A protracted downturn in natural gas prices has battered the balance sheets of some oil and gas producers in Western Canada, driving insolvencies in the sector to their highest level in three years.
The number of producer bankruptcies, receiverships, creditor proposals and filings under the Companies’ Creditors Arrangement Act (CCAA) was greater in 2024 than in the previous two years combined, according to an analysis by the Financial Post of court filings and data compiled by Insolvency Insider Canada.
Insolvent oil and gas companies in Western Canada collectively owed more than $1.2 billion in debt in 2024, a more than 700 per cent increase over the sector’s distressed filings in the prior year.
There have been at least a dozen oil and gas producer insolvencies so far this year, compared to about five in 2023 and three in 2022.

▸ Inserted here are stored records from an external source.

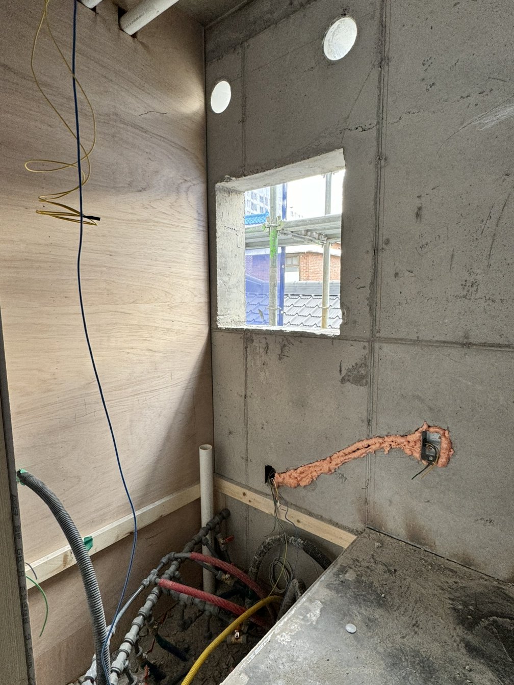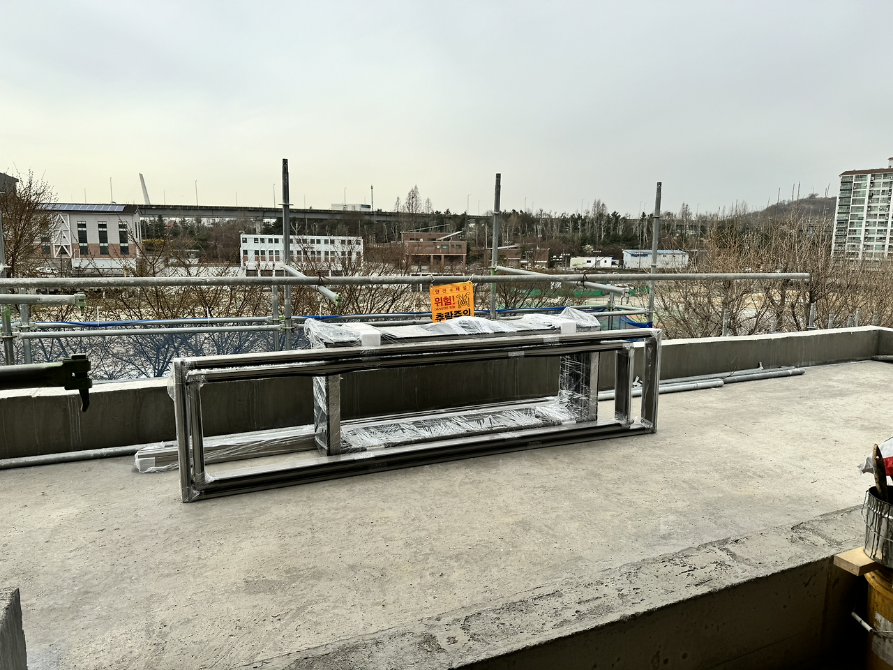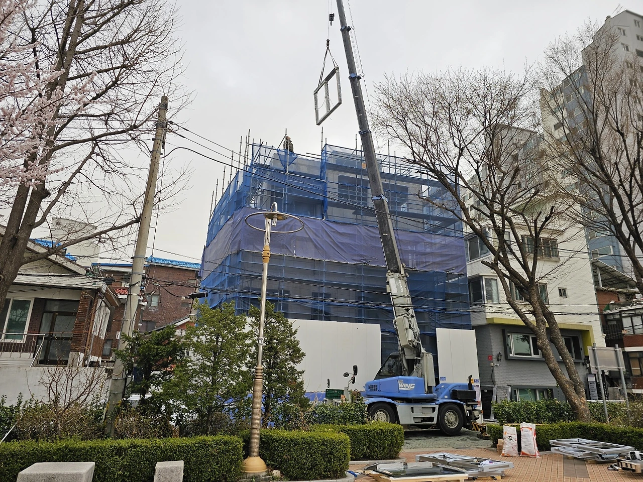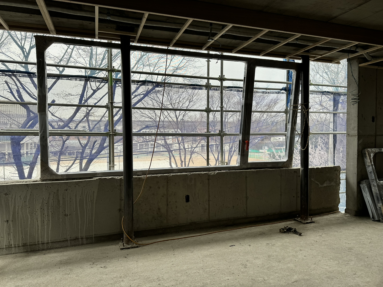 이번 주는 비가 왜 이렇게 오는지... 수목금에 창호설치가 완료되는 주라 기대했으나 비로 인해 일정이 약간 밀렸다. 이런 날은 한결 정확해지는 듯한 일기예보 대로 아침부터 비가 꽤 온다. 황사비를 제대로 맞고 있는 자재가 걱정되어 누림 대표님에게 여쭤보니 다행히 괜찮다고 하신다. 층마다 자재를 옮겨놓고 4층부터 작업이 시작되었다. 창호를 벽에 고정하다 보니 드릴을 박는 소음이 꽤 나는 모양이다. 그래서 토요일은 휴무.
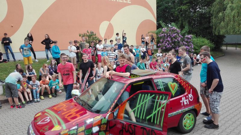 Natürlich feierten wir uns als die Helden der ersten Stunde auch gebührend. Am 31.05.17 fand, zur großen Überraschung von Schülern und Lehrern, unser Abistreich statt. Unter dem Motto „Schlag den Lehrer“ ging es hoch her. Zugeklebte Fenster, bunte Haare für jedermann und ein Programm, was auch die Lehrer an ihre Grenzen brachte – ein voller Erfolg.
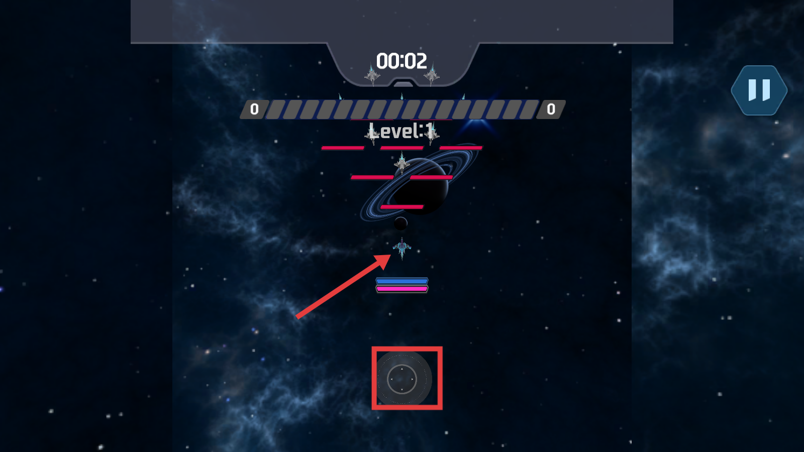 2、关卡内通过底部【操控圆盘】控制飞船移动,在Level-1阶段灵活调整位置应对敌人。

The largest of these, Calgary-based Long Run Exploration Ltd., is currently attempting to restructure, with a long list of creditors unlikely to get any money since it will be substantially eaten up by the company’s $308.5 million in environmental obligations.
Should the restructuring fail, it’s feared that Long Run’s 4,856 licensed wells and 523 facilities could become the responsibility of Alberta’s industry-funded Orphan Well Association.
Environmental liabilities were a key driver in a number of insolvencies in the oilpatch in 2024 as new regulatory changes disrupted the sector.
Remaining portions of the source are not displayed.